Caches and Memory Hierarchy
From registers to DRAM — understanding latency, bandwidth, and why cache-friendly code wins.
Updated March 18, 2026
The Pyramid
| Level | Typical size | Latency (cycles) |
|---|---|---|
| Registers | ~few hundred B | 0–1 |
| L1 cache | 32–64 KB | ~4 |
| L2 cache | 256 KB – 1 MB | ~12 |
| L3 cache | 8–64 MB | ~40 |
| DRAM | 16–512 GB | ~200 |
| NVMe SSD | TB-scale | ~10 000+ |
Every level trades capacity for speed. A program that fits its working set in L1 will feel instant; one that thrashes DRAM will crawl.
Registers
Registers are the fastest memory level. They are located on the same chip as the CPU cores and are used to store the most frequently used data and instructions.
Cache
Cache Lines and Spatial Locality
Caches operate on 64-byte lines. Accessing one byte pulls in the entire line, so iterating a contiguous array is essentially free after the first miss — this is spatial locality at work.
int32_t[] a = ...; // initialize array
// cache-friendly: sequential access
for (int i = 0; i < N; i++)
sum += a[i];
// cache-hostile: strided access
for (int i = 0; i < N; i += STRIDE)
sum += a[i];
Questions
- What is the
STRIDEin the example code?
Answers
- A cache line is 64 bytes and each
int32_tis 4 bytes, soSTRIDE = 64 / 4 = 16. At this stride every access lands in a different cache line, eliminating all spatial locality benefit.
Cache Types
- Inclusive cache: all cache lines are stored in the cache.

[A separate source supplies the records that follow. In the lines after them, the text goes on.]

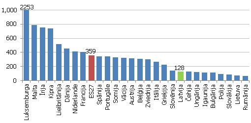 Attēls. Banku sektora aktīvi pret IKP (2012. gada beigas, %)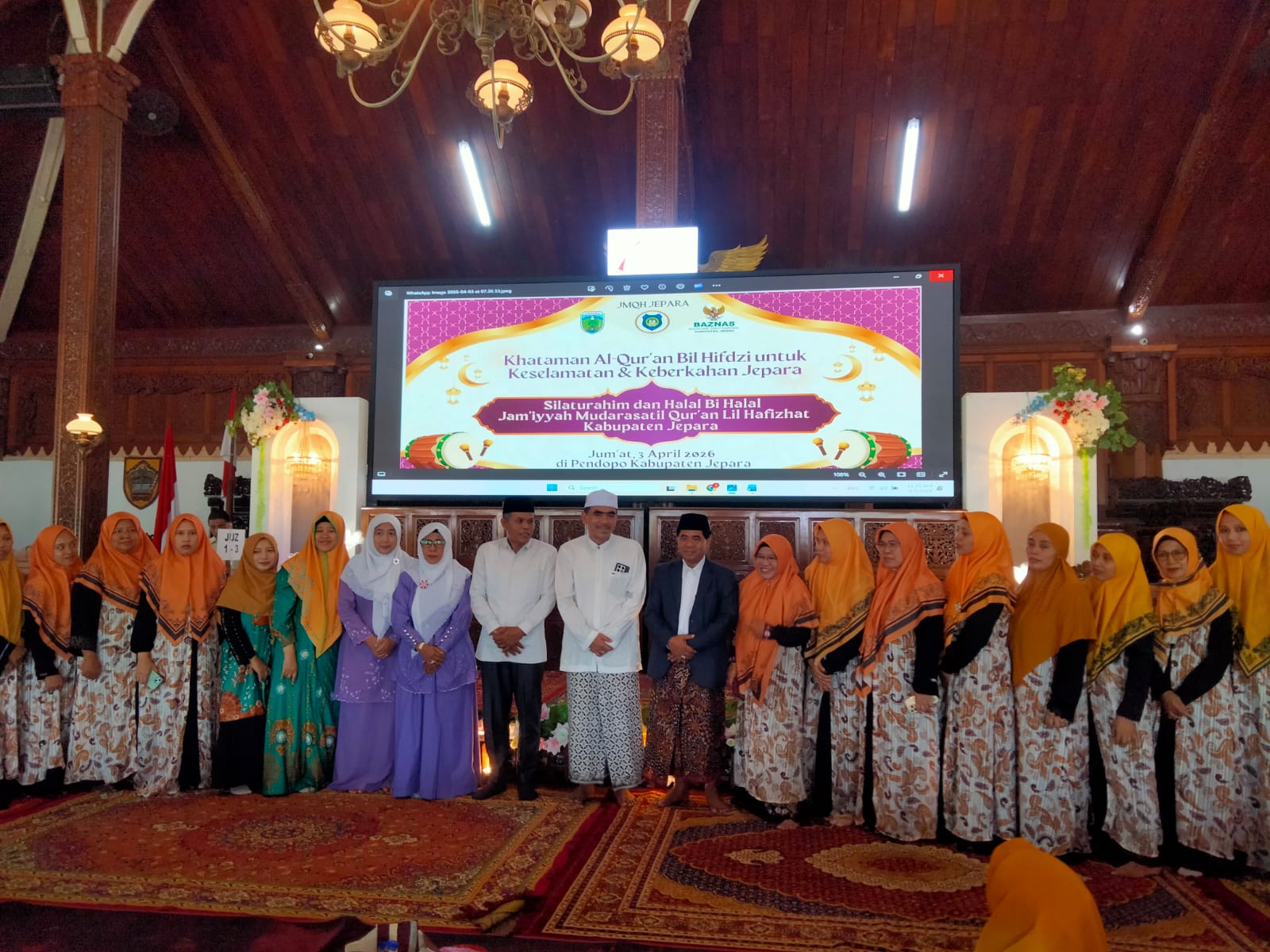 JEPARA, transnewss.com – Jam’iyyah Mudarasatil Qur’an Lil Hafizhat (JMQH) Kabupaten Jepara sukses menyelenggarakan kegiatan Khataman Al-Qur’an Bil Hifdzi. Acara yang juga dimaknai sebagai momen silaturahim dan Halal Bi Halal 1447 H / 2026 M ini berlangsung khidmat di Pendopo Kabupaten Jepara, Jumat (3/4/2026).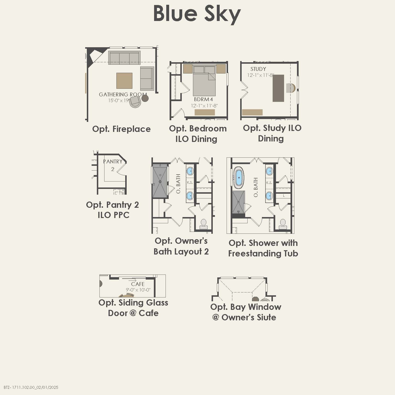 - The popular Blue Sky provides one level of easy living space for families, including a gathering room with optional fireplace and a sunny nook, plus covered rear patio. Culinary enthusiasts will love entertaining in the open gourmet island kitchen.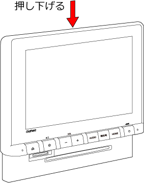 モニターを手で押し下げる前に、SDカードやディスクなどのメディアが取り出し状態で残っていないことをご確認ください。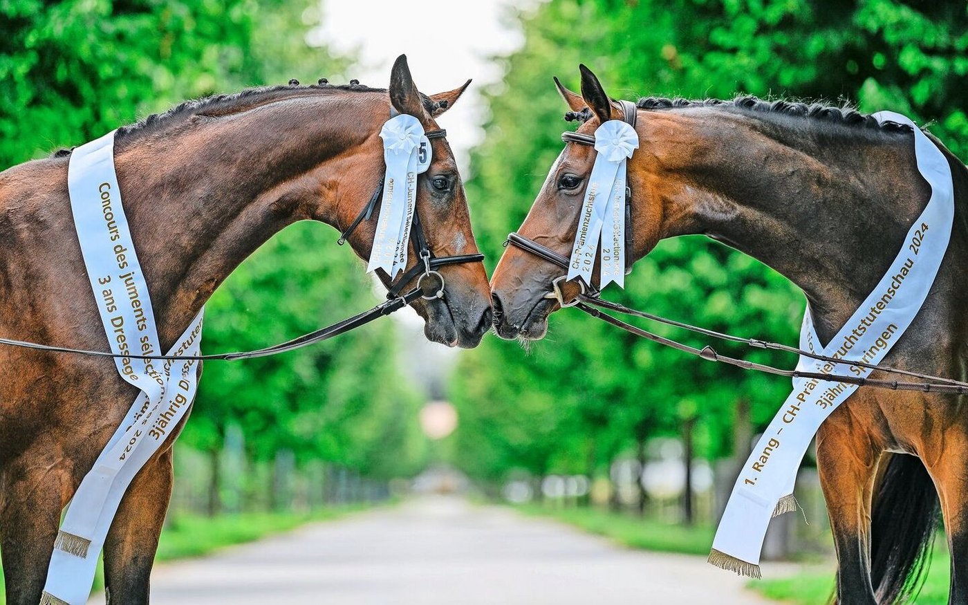 Insgesamt 35 der dreijährigen Stuten wurden mit dem Titel «Prämienzuchtstute» ausgezeichnet. Siegerin bei den springbetonten Stuten und neue Miss Schweiz 2024 wurde Diva Deluxe CH (Diacontinus - For Edition - Grand Cru) des Züchters und Besitzers Theo Banz. Als beste dressurgezogene Stute gewann Darleen sz CH (Sweet Hero - De Niro - Don Gregory) aus der Zucht von Christoph Suter, in Besitz von Elisabeth Rademaker.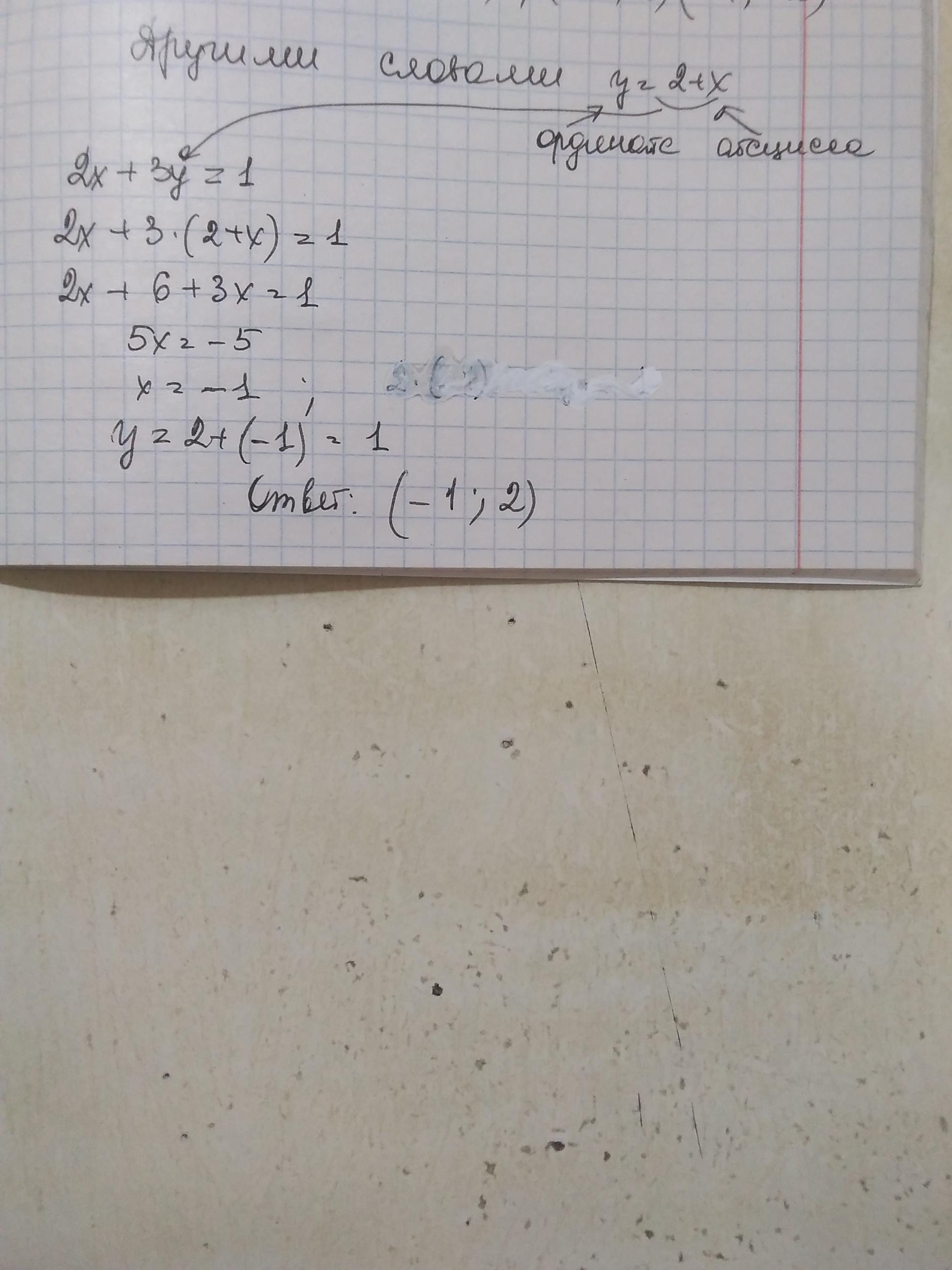 Знайдіть на графіку рівняння 2х+3у=1 точку координати (ординати, як правильно не знаю) якої на 2 більше за її абсцису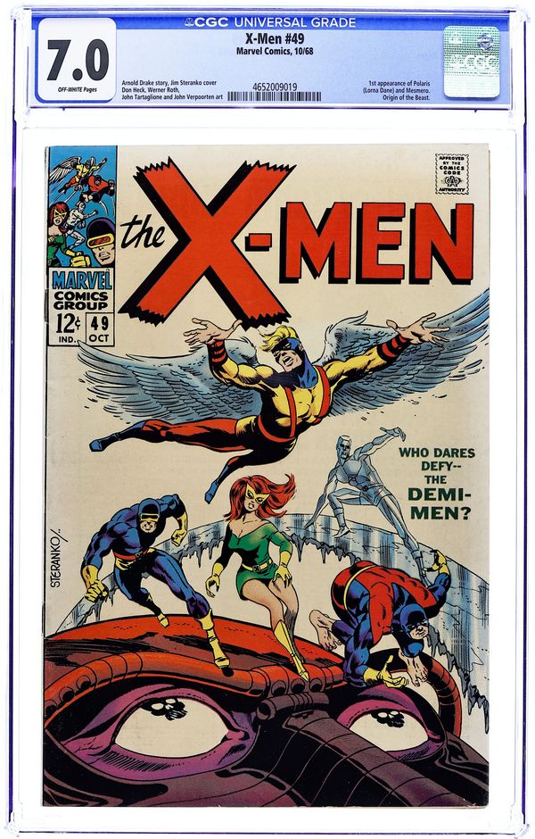 First appearance of Lorna Dane (Polaris). Cover art by Jim Steranko. Who Dares Defy the Demi-Men?, script by Arnold Drake, pencils by Don Heck and Werner Roth, inks by John Tartaglione; Angel warns Jean about Cerebro beeping loudly, and she tells the other X-Men; a group commanded by Mesmero uses a machine (along with his powers) to turn latent mutants into full-fledged mutants in order to form his army; 1st appearance of Mesmero. A Beast Is Born--The Origins of the Uncanny X-Men, script by Arnold Drake, art by Werner Roth; how Beast got his powers. Letter to the editor from comic writer Tony Isabella. 36 pgs. $0.12. Cover price $0.12. Grade: CGC 7.0 explanation of grade Condition: Used (collectible)

- Exclusive cache: only the cache lines that are not in the cache are stored in the cache.
Cache
There is a fundemental trade off between the size of the cache and the number of cache lines that can be stored in the cache. The more cache lines that can be stored in the cache, the more cache lines that can be stored in the cache. The more cache lines that can be stored in the cache, the more cache lines that can be stored in the cache.
Prefetching
Hardware prefetchers detect sequential and strided patterns automatically. Software prefetch intrinsics (__builtin_prefetch, _mm_prefetch) give you explicit control when access patterns are irregular.
Rule of thumb: Measure with
perf stat— if your L1 miss rate is above ~5 %, there is likely a data layout opportunity.